Em termos nacionais, apontam-se como exemplos de sucesso as empresas que desenvolvem novos produtos, como a Polisport, com produção especializada em acessórios para bicicletas. A empresa de Oliveira de Azeméis é líder na produção mundial de cadeiras destinadas a crianças para instalar em bicicletas, mas é também reconhecida pelas garrafas de plástico e pára-lamas para os mesmos equipamentos.

Carla Almeida, do departamento comercial da Polisport, refere ao PÚBLICO que o mercado promete acompanhar a tendência de crescimento, uma vez que há cada vez mais pessoas a usarem bicicletas quer por uma questão de moda, causas ambientais que para o desporto.

A empresa de componentes para bicicletas atribui o seu crescimento e reconhecimento de mercado à aposta feita em tecnologia avançada e na experiência ganha ao longo dos anos. A mesma responsável afirma que “ter clientes de países muito desenvolvidos, como a Alemanha, faz com que os processos nacionais de fabricação se tornem melhores”. Para a empresa, que exporta 98% da sua produção total, “o facto de trabalhar com clientes muito exigentes obriga a que o produto final seja de uma grande qualidade.”

Bicicletas mais caras
No mercado nacional, outra tendência que se verifica é que os compradores de bicicletas tendem a comprar equipamentos gradualmente mais caros.

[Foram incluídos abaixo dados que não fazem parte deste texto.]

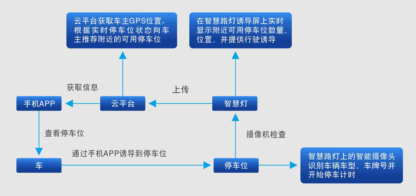 通過路燈桿上的傳感器,檢測車輛信息和停車位信息,有序安全管理停車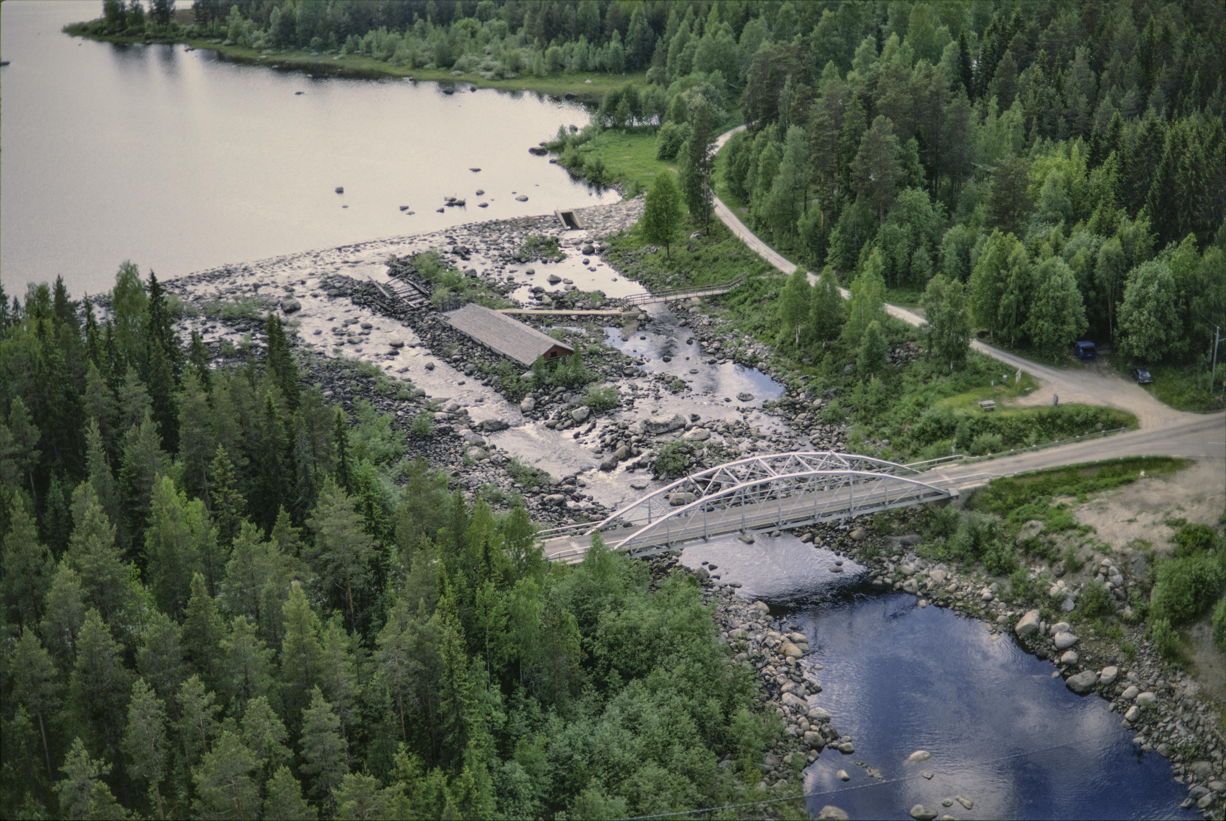 Beskrivning: Vägbro över ån Ljungan vid sjön Aldern, i området söder om Albybyn. Fiskhus i Ljungan över bildens mitt. Till vänster under bildens mitt fyndplats (slagg) RAÄnr Haverö 126:1. Bilden är tagen mot (väderstreck): VSV

Por exemplo, as vendas em 2013 caíram 3% em relação ao ano anterior mas, ao contrário do que se poderia esperar, o valor de mercado sentiu uma subida, mesmo que pouco significativa, de 133 milhões, em 2012, para 136 milhões de euros, no ano a seguir.

Os consumidores portugueses compram, em média, bicicletas com preços entre os 200 e os 300 euros, mas há também aqueles que optam por adquirir bicicletas de 10.000 euros ou valores superiores.

O presidente da Abimota tem uma explicação para esta tendência. “Ainda que as vendas possam ter diminuído [de 2012 para 2013], o valor de mercado aumentou porque as bicicletas usadas no segmento de mobilidade [não lazer nem desporto] são mais caras”, explica o presidente da Abimota.

José Manuel Caetano, presidente da Federação Portuguesa de Cicloturismo e Utilizadores de Bicicleta (FPCUB), reitera as estatísticas e diz que, de facto, existem mais utilizadores da bicicleta e uma maior circulação e que este desenvolvimento se deve à necessidade de mudança e ao avanço dos tempos.

Para José Manuel Caetano, com as gerações mais jovens a não terem o rendimento necessário para suportar as despesas de um automóvel e com a obrigatoriedade da redução da emissão de dióxido de carbono imposta aos países, esta tendência do uso da bicicleta só poderá aumentar.

Quando questionado sobre a quantidade de ciclovias e de condições para os ciclistas que as autarquias implementaram, o presidente da FPCUB diz os progressos são já visíveis, “mas mesmo que, no futuro, isso não é o mais importante. O mais importante é a acalmia do tráfego automóvel”, explica.

Duas rodas eléctricas
As bicicletas eléctricas começam também a ganhar cada vez mais adeptos. Estima-se que o crescimento do uso das chamadas e-bike esteja já nos 30% ao ano, a nível europeu. Dados da Abimota referem que, em 2014, as vendas de e-bikes só na Alemanha chegaram ao meio milhão de unidades e, na Holanda às 200 mil, o que tem influência no sector em Portugal.

Perante o potencial de crescimento desta indústria, as 37 empresas representadas na Abimota e que integram o chamado cluster da mobilidade suave apostam no desenvolvimento tecnológico. Representando as empresas, a Abimota apresentou a candidatura a fundos do Portugal 2020, no valor de cerca de 4,2 milhões de euros.

De acordo com Paulo Rodrigues esta candidatura assenta em dois eixos, “na capacitação da oferta e na indução da procura”. A qualificação e a promoção da oferta industrial serão impulsionadas no projecto Portugal Bike Value, que quer atrair o investimento estrangeiro, promover a internacionalização das empresas e apostar na investigação e inovação dos materiais.

Os projectos sobre mobilidade urbana, a promoção do turismo clicável e frotas de distribuição urbana são também objectivos da candidatura. A economia verde não fica esquecida no projecto. Planos para a avaliação do “impacto da utilização de bicicletas e outros modos suaves de descarbonização e para os green jobs” também estão no horizonte.